Kilan surged forward, sensing the rout of the enemy as it formed, and Tarikus went with him, charging down towards the cavern mouth.
At the entrance, the smoky light from outside was suddenly blotted out by the shapes of figures in heavy power armour, wreaths of cordite vapour clinging to them like cloaks. Tarikus saw the pointed, feral snout of a Mark VII Aquila-pattern battle helmet, the eye slits glowing red in the gloom. Unbidden, a rare grin burst out across his lips.
“Brothers of the Imperium,” said the figure in black and ruby. “Stand to.”
“Rafen’s comrades, I presume?” said Kilan, laughing.
“The same. We thought you might appreciate some help with this matter.” The Flesh Tearer kicked at a dead minotal and then glanced around at the survivors. “Is this all that remains?” He removed his helm as he asked the question.
“Aye,” said the Raven Guard. “A few others with Brother Rafen, but no more.”
“And the arch-traitor?” This question came from a Blood Angel who stood nearby. “What of Fabius Bile?”
“Unknown,” Kilan admitted.
“I know you.” Tarikus studied the sergeant. “Noxx. It’s been a while since Merron.”
“Brother Tarikus.” The Flesh Tearer gave him a wary nod. “It has.

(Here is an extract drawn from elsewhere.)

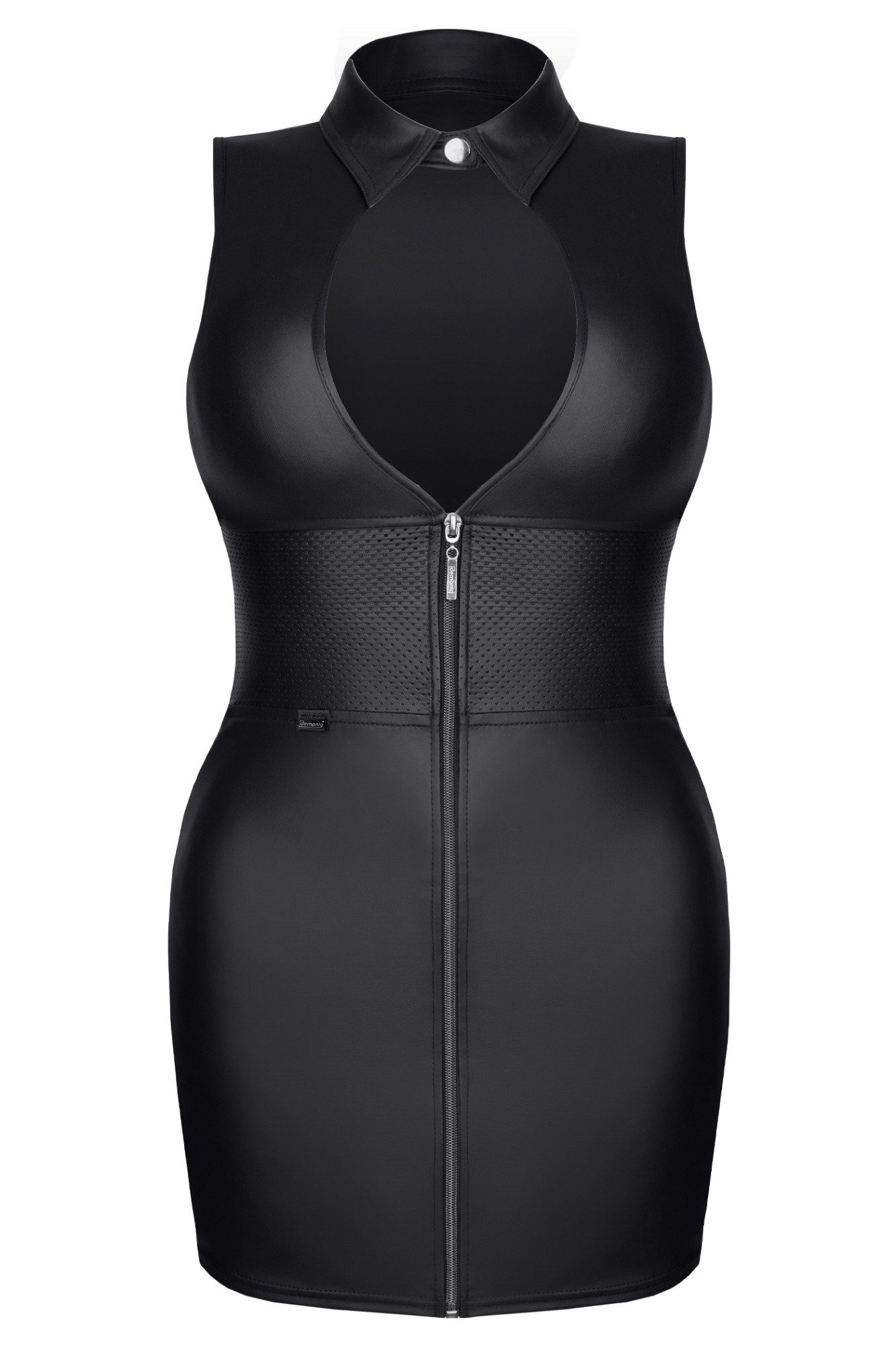 Schwarzes Wetlook kleid im Militärstil. Der runde Ausschnitt vorne bringt das Dekolleté wunderschön zur Geltung. Von der unteren Brustlinie bis zur unteren Taille, rundherum Wetlook mit Nadelloch-Stoffeinsätzen. Es betont die Taille auf unglaublich Art und Weise. Vorne befindet sich außerdem ein dekorativer Reißverschluss. Der Reißverschluss ist mit einem eingravierten Demoniq-Logo versehen. Es hat eine dekorative Funktion, erleichtert aber auch das Anziehen des Kleides. Der untere Teil des Kleides betont sehr, sehr attraktiv die Form der Hüfte und des Gesäßes.Modell auf dem Foto: 164 cm groß.Produktgröße: S

Still hold it against me?”
The Doom Eagle shrugged off the question. “I’ll be generous if you tell me you can take us from this place.”
A figure in indigo armour, his head crested with a psionic hood, moved into the cave, turning a penetrating gaze on every one of the freed warriors. “Our conveyance has been destroyed by the tyranids.” The psyker’s hard-edged glare passed over Tarikus and he felt the Blood Angel briefly turning a spotlight on his soul, seeking signs of weakness and taint. “We need to find another way off this blighted rock.”